Neopolynoe chondrocladiae

Scientific classification
- Domain: Eukaryota
- Kingdom: Animalia
- Phylum: Annelida
- Clade: Pleistoannelida
- Subclass: Errantia
- Order: Phyllodocida
- Family: Polynoidae
- Genus: Neopolynoe
- Species: N. chondrocladiae
- Binomial name: Neopolynoe chondrocladiae (Fauvel, 1943)

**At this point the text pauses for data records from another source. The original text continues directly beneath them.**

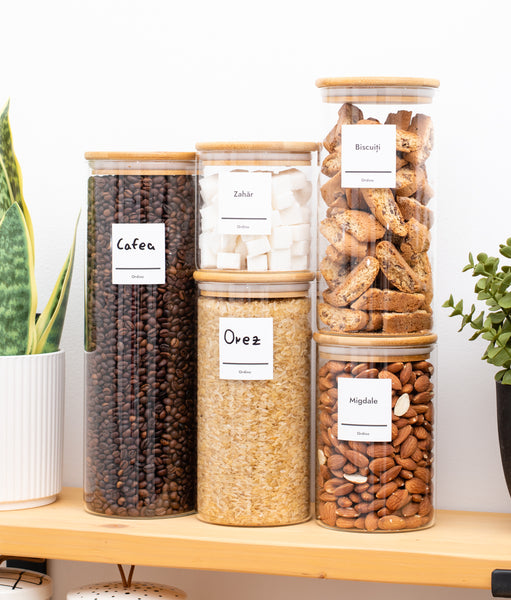 Recipientele etanșe din sticlă sunt esențiale și necesare pentru orice bucătărie. Cele 8 recipiente transparente au 4 dimensiuni diferite și au o formă cilindrică estetică. Primești 2 tipuri de autocolante rezistente la apă. Dintre care unul imprimat în limba română și unul gol, pe care-l poți personaliza cu ajutorul markerului inclus. Fiecare recipient are un capac etanș din bambus, care se fixează bine și ușor.
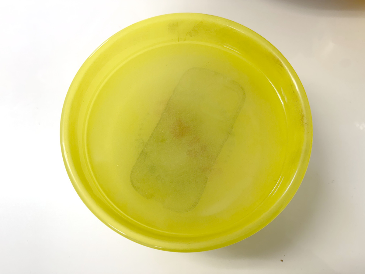 過去のスニーカー等は溶液が黒々としていたが、今回は溶液の色が変わった気配はない。スマホケースを取り出してよく水洗いし、乾かしてみたところ……
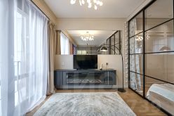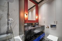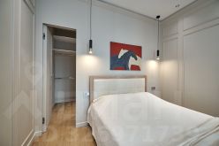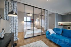 - изолированная спальня с прозрачной раздвижной перегородкой и скрытой гардеробной комнатой;
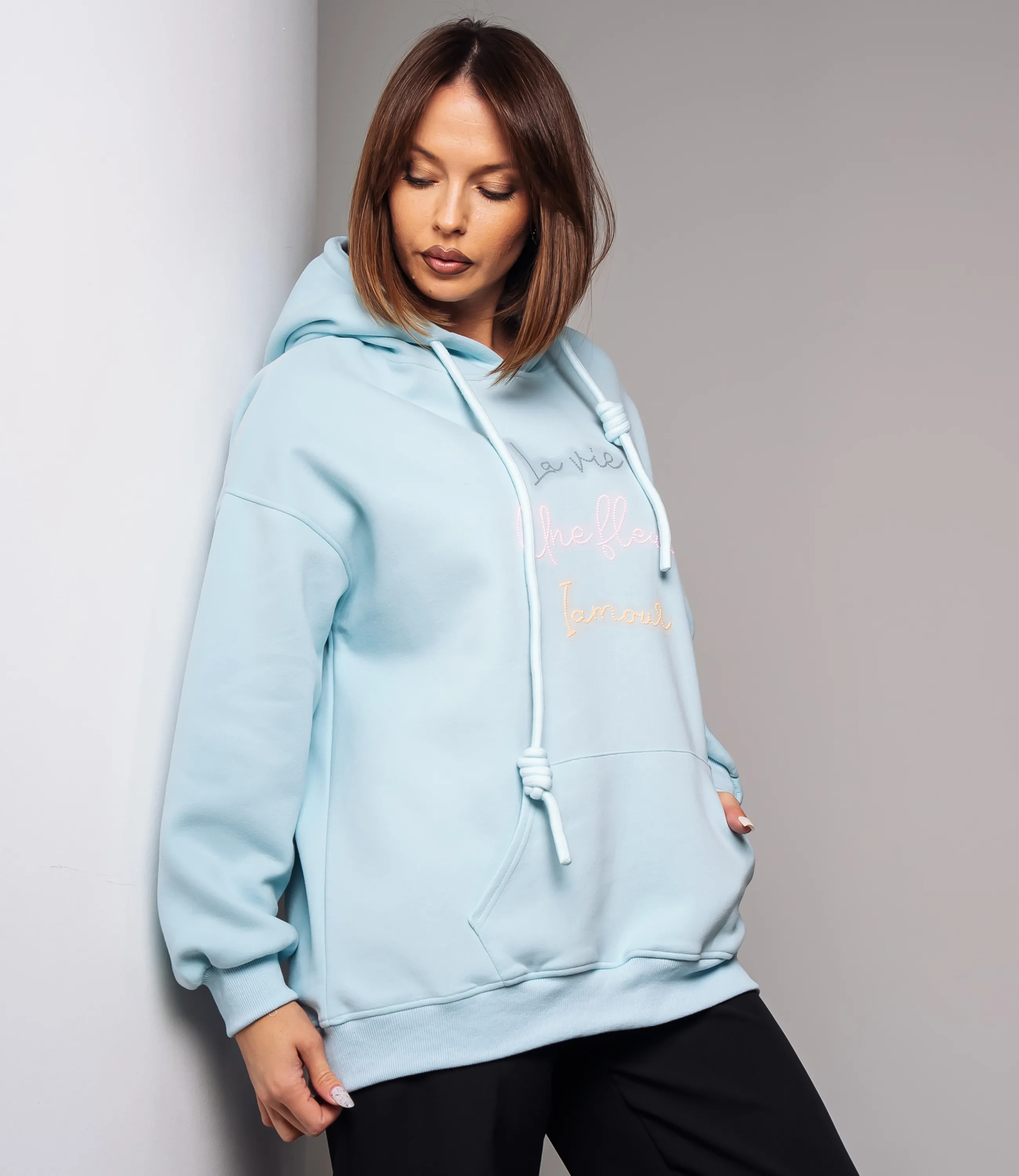 Худи – это одежда, которая подчеркивает уникальность каждой женщины. Худи выполнено из мягкого, средней плотности трикотажа с равномерной, слегка структурированной поверхностью, прямого свободного кроя с подчёркнуто расслабленными пропорциями; модель имеет объёмный капюшон с двумя круглыми шнурами-фитилями, каждый из которых затянут узлом на уровне средней длины, шнуры проходят через резинку или люверсы в кулиске горловины; линия плеча опущенная, рукава широкие, заканчиваются узкими резинками-манжетами, создающими лёгкое сборение у запястий; передняя часть украшена крупным накладным карманом-кенгуру с горизонтальными входами по бокам, низ изделия также обработан широкой резинкой, обеспечивающей аккуратный контур и лёгкую фиксацию на бедрах; на груди декоративная вышивка в виде трёх строк рукописного шрифта, выполненная плоской ниткой. Для пошива использована ткань 100% хлопок, которая характеризуется отличным качеством. Даже после многих стирок изделие не утратит первоначальной привлекательности. Вы сможете носить его с радостью. Обратите внимание на цвет и надпись, они являются стильными и полностью соответствуют фотографии на сайте. Чтобы вы были уверены в размере, мы представили на странице таблицу. Воспользовавшись ею, вы сможете сами обмерить себя и удостовериться. Предложенная нами цена является приемлемой. Не откажите себе в удовольствии быть неотразимой!
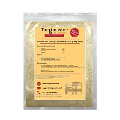 Traditional Scottish sausage seasoning gives an intense beef flavour. Use 100g mix per 800g minced meat, includes rusk. This pack will make 1kg of sausages. Use with beef, chicken, pork, lamb or alternative! Simply add this seasoning to minced meat & water. Fill the sausage meat into collagen or natural casings using vegetable oil for a professional sheen. The colder the meat and water, the better the appearance and life of the sausage. Leave sausage meat in the fridge overnight to allow the herbs and spices to marinade with the meat. Fill using a sausage stuffer machine.
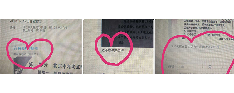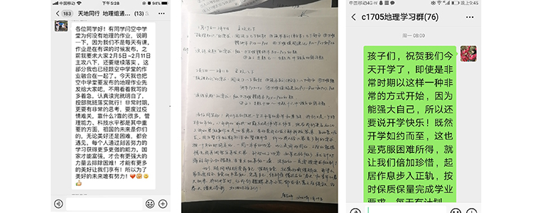 在这期间,地理组涌现了很多感人的事迹:刘景奎老师与姚佳老师微信开展集体备课每次时长超过一个小时,常常备课到凌晨3点,为力保及时解答学生的困惑,凌晨微信答疑都是常见的;张伟老师和王宝琴老师随时随地线上为学生答疑,每一条语音都寄托了老师对学生的殷切期望,张伟老师说到:“答疑的过程真的是教学相长,与学生讨论的问题,有的饶有趣味,有的细致入微,有的是高频题点,虽不能见面,但是能感觉到他们很努力、自律,这一代人,出生于非典,备考于肺炎,但是,只有与国家共患难,才能真正使养尊处优的少年成长为有责任担当的国家栋梁!”;谷丰老师和王宝琴老师身在国外,克服时差困难,高效高质做好教研和答疑工作;高昕老师和唐秀梅老师1月26日便开始着手准备录课,期间线上答疑,课程讲解不间断,常常工作到深夜,唐秀梅老师为学生手写了信件,鼓励学生在初三这样一个重要的时期,自觉学习,完善自我,争取更好的成绩,同时唐秀梅老师还收到很多学生们的反馈,“老师辛苦了!”“老师注意休息!”“老师您练练颈椎”学生们的进步和温暖话语是我们前进的最大动力;伊娜老师面对初二新中考形势,重新构建知识框架,带领初二备课组一周至少进行两次30分钟以上的集体备课,精心准备微课和练习题,力求在线上教学中带领学生逐一攻破知识难点;李慧蕾老师、施晴老师、赵习老师、周小康老师在视频微课中也收到了来自学生弹幕的鼓励与喜爱。

= Neopolynoe chondrocladiae =

- Genus: Neopolynoe
- Species: chondrocladiae
- Authority: (Fauvel, 1943)

Species of annelid worm

Neopolynoe chondrocladiae is a scale worm known from the north-east Atlantic Ocean at depths of about 700 to 2500 m.

==Description==
Neopolynoe chondrocladiae can have up to around 94 segments with 15 pairs of elytra that bear a marginal fringe of papillae. The lateral antennae are inserted ventrally to prostomium, directly beneath the median antenna. The notochaetae are distinctly thicker than the neurochaetae and possess only simple tips.

==Biology==
Neopolynoe chondrocladiae has an obligate symbiotic relationship with the sponges Chondrocladia robertballardi and Chondrocladia virgata. The nature of the symbiotic relationship has been debated, but a 2021 study using a multidisciplinary approach suggested that the relationship is mutualistic, proposing that Neopolynoe chondrocladiae may use bioluminescence as a lure for prey which is consumed by both the worm and its sponge hosts.